→ **EXERCISE BRIEF**:
The whole listing, pictures aside, should be reproduced exactly.

→ **DATA BELOW**:
* * * * * * * * *
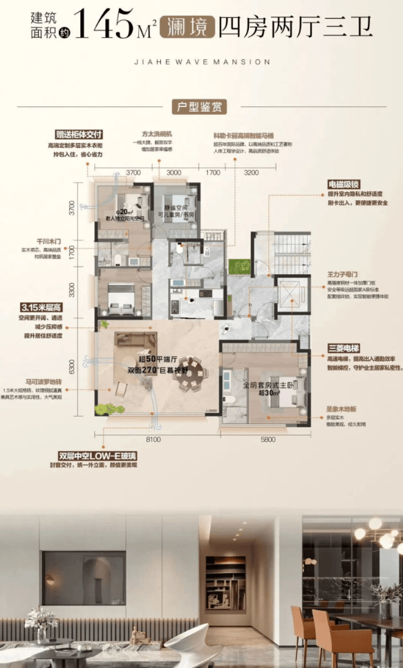 结合高达115%的得房率和3.15米层高,室内空间感远超同类产品,功能上可轻松布局为三房或四房,满足从首改到再改家庭的全周期需求。全屋精装交付的配置,让业主免去装修烦恼,轻松开启高品质的改善生活。
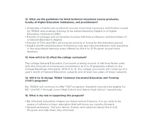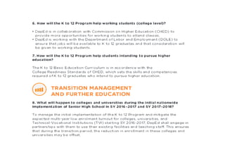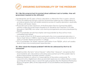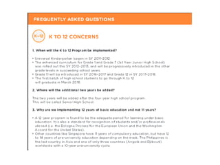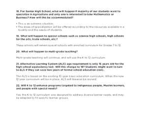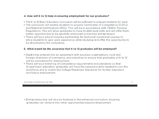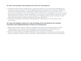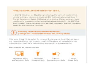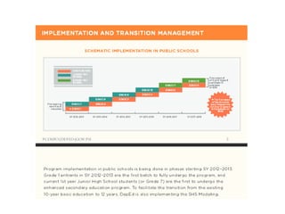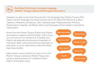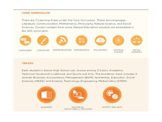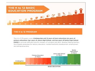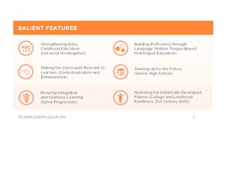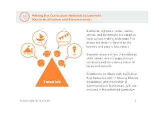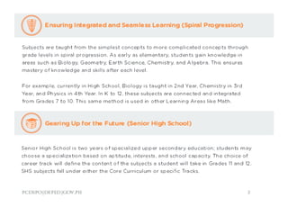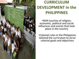 The document discusses the history and evolution of the curriculum in the Philippines, highlighting the influences of colonial powers and the importance of a structured framework for education that meets both societal and learner needs. It reviews various curriculum phases from pre-Spanish to the present, including significant reforms such as the K to 12 program, which emphasizes multilingual education and prepares students for multiple career paths. Additionally, it addresses the shift towards incorporating local culture and community needs into the educational system.
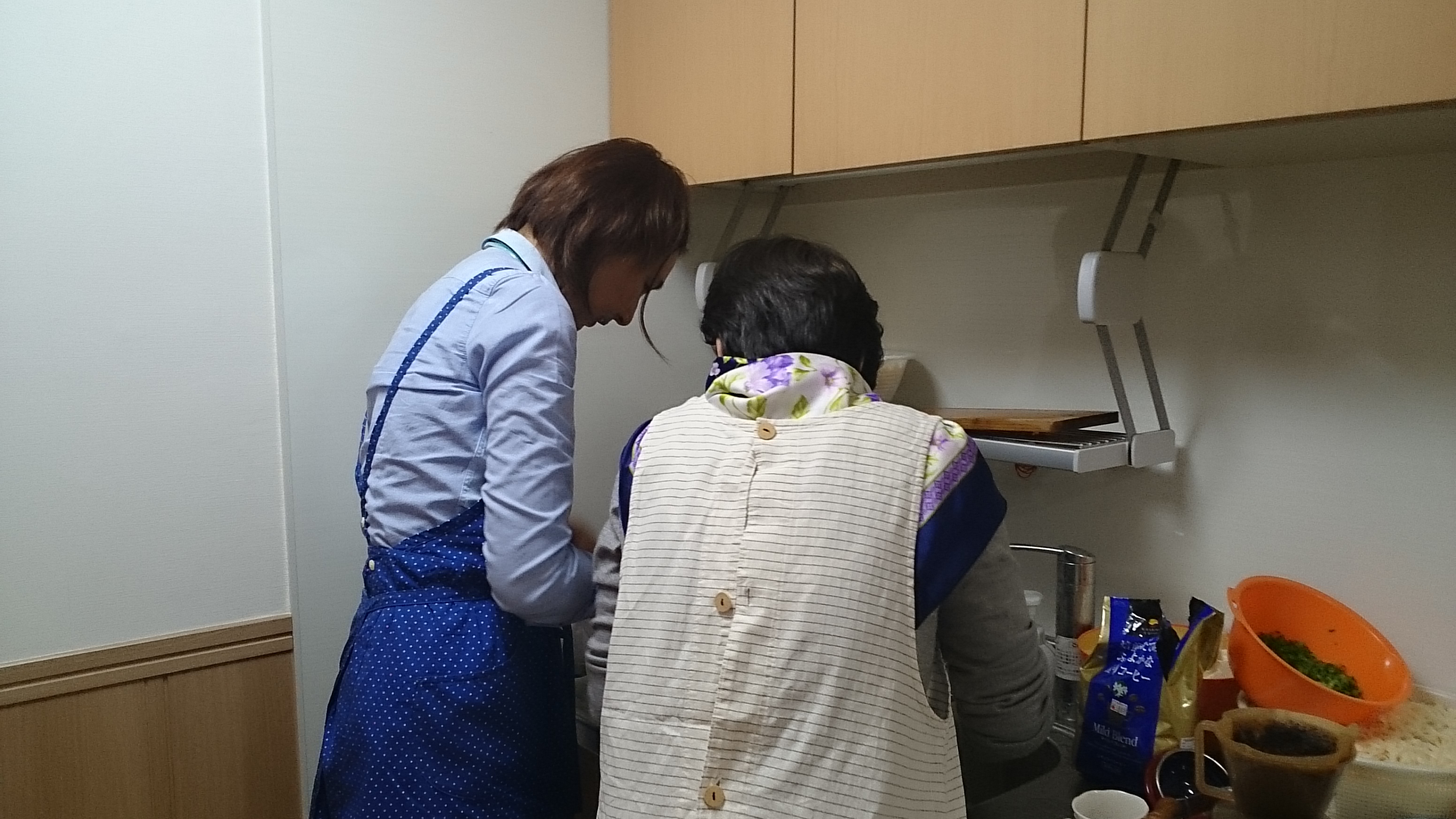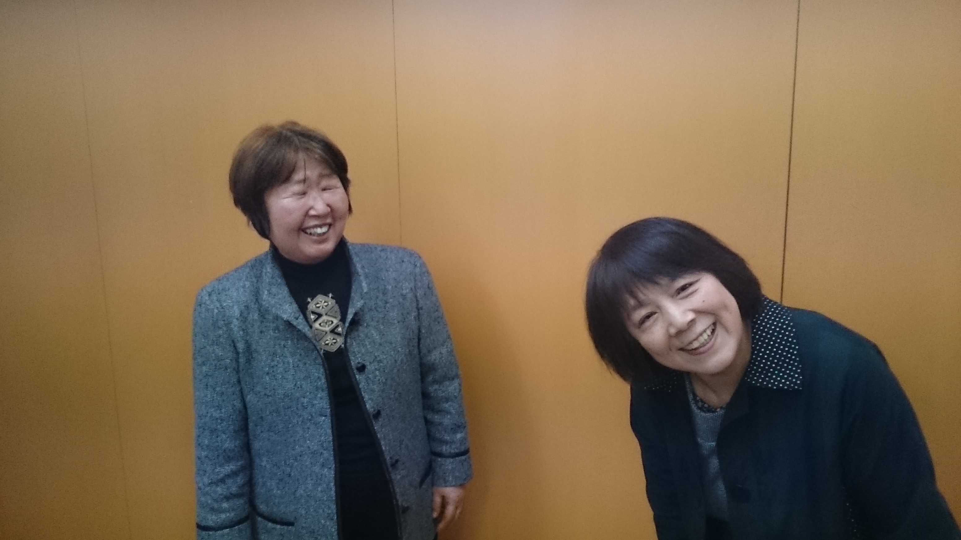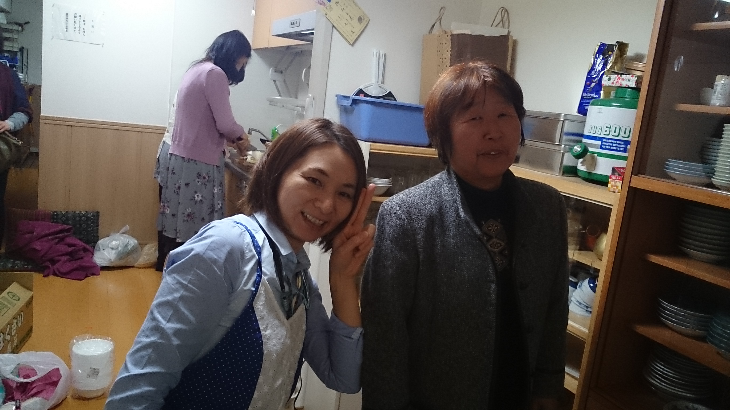佐田さんは中腰です。「よく気が利くね‼」と辻郷さんほめています。
* * * * * * * * *
→ **RESPONSE AREA**:
 结合高达115%的得房率和3.15米层高,室内空间感远超同类产品,功能上可轻松布局为三房或四房,满足从首改到再改家庭的全周期需求。全屋精装交付的配置,让业主免去装修烦恼,轻松开启高品质的改善生活。
 The document discusses the history and evolution of the curriculum in the Philippines, highlighting the influences of colonial powers and the importance of a structured framework for education that meets both societal and learner needs. It reviews various curriculum phases from pre-Spanish to the present, including significant reforms such as the K to 12 program, which emphasizes multilingual education and prepares students for multiple career paths. Additionally, it addresses the shift towards incorporating local culture and community needs into the educational system.
佐田さんは中腰です。「よく気が利くね‼」と辻郷さんほめています。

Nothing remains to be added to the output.